- Source data -
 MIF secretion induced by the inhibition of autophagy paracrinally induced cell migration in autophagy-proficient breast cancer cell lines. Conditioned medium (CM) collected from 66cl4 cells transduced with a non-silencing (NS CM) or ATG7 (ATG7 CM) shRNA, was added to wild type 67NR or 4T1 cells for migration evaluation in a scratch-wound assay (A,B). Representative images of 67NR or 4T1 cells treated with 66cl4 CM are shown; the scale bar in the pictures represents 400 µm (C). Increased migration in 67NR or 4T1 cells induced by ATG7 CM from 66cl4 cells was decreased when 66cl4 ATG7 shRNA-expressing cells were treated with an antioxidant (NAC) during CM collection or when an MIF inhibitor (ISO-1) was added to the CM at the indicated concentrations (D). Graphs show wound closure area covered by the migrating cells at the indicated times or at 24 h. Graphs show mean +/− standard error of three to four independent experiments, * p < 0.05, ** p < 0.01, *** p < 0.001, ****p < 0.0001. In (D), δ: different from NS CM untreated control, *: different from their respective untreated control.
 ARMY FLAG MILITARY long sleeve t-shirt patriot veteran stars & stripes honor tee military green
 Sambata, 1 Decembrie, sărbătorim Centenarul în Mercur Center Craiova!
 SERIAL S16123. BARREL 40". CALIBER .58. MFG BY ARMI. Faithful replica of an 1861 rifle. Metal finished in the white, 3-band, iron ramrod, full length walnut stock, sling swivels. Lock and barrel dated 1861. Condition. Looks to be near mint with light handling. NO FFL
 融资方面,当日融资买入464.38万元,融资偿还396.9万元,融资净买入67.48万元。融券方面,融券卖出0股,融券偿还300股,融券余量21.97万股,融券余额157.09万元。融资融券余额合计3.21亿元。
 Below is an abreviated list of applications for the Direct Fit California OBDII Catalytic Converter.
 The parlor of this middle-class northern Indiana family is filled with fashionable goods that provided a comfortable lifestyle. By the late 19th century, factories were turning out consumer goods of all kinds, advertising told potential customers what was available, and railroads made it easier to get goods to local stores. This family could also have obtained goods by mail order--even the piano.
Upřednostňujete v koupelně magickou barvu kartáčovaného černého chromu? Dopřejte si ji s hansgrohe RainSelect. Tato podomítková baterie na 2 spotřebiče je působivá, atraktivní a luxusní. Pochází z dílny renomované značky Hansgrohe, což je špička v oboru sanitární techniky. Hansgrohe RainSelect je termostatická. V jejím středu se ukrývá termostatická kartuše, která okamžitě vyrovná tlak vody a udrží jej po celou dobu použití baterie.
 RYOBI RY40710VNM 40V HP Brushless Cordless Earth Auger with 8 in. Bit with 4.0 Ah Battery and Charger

- Problem to work on -
Reproduce verbatim only this range: the first line of the material through the line that contains "Below is an", inclusive.

- Expected output -
 MIF secretion induced by the inhibition of autophagy paracrinally induced cell migration in autophagy-proficient breast cancer cell lines. Conditioned medium (CM) collected from 66cl4 cells transduced with a non-silencing (NS CM) or ATG7 (ATG7 CM) shRNA, was added to wild type 67NR or 4T1 cells for migration evaluation in a scratch-wound assay (A,B). Representative images of 67NR or 4T1 cells treated with 66cl4 CM are shown; the scale bar in the pictures represents 400 µm (C). Increased migration in 67NR or 4T1 cells induced by ATG7 CM from 66cl4 cells was decreased when 66cl4 ATG7 shRNA-expressing cells were treated with an antioxidant (NAC) during CM collection or when an MIF inhibitor (ISO-1) was added to the CM at the indicated concentrations (D). Graphs show wound closure area covered by the migrating cells at the indicated times or at 24 h. Graphs show mean +/− standard error of three to four independent experiments, * p < 0.05, ** p < 0.01, *** p < 0.001, ****p < 0.0001. In (D), δ: different from NS CM untreated control, *: different from their respective untreated control.
 ARMY FLAG MILITARY long sleeve t-shirt patriot veteran stars & stripes honor tee military green
 Sambata, 1 Decembrie, sărbătorim Centenarul în Mercur Center Craiova!
 SERIAL S16123. BARREL 40". CALIBER .58. MFG BY ARMI. Faithful replica of an 1861 rifle. Metal finished in the white, 3-band, iron ramrod, full length walnut stock, sling swivels. Lock and barrel dated 1861. Condition. Looks to be near mint with light handling. NO FFL
 融资方面,当日融资买入464.38万元,融资偿还396.9万元,融资净买入67.48万元。融券方面,融券卖出0股,融券偿还300股,融券余量21.97万股,融券余额157.09万元。融资融券余额合计3.21亿元。
 Below is an abreviated list of applications for the Direct Fit California OBDII Catalytic Converter.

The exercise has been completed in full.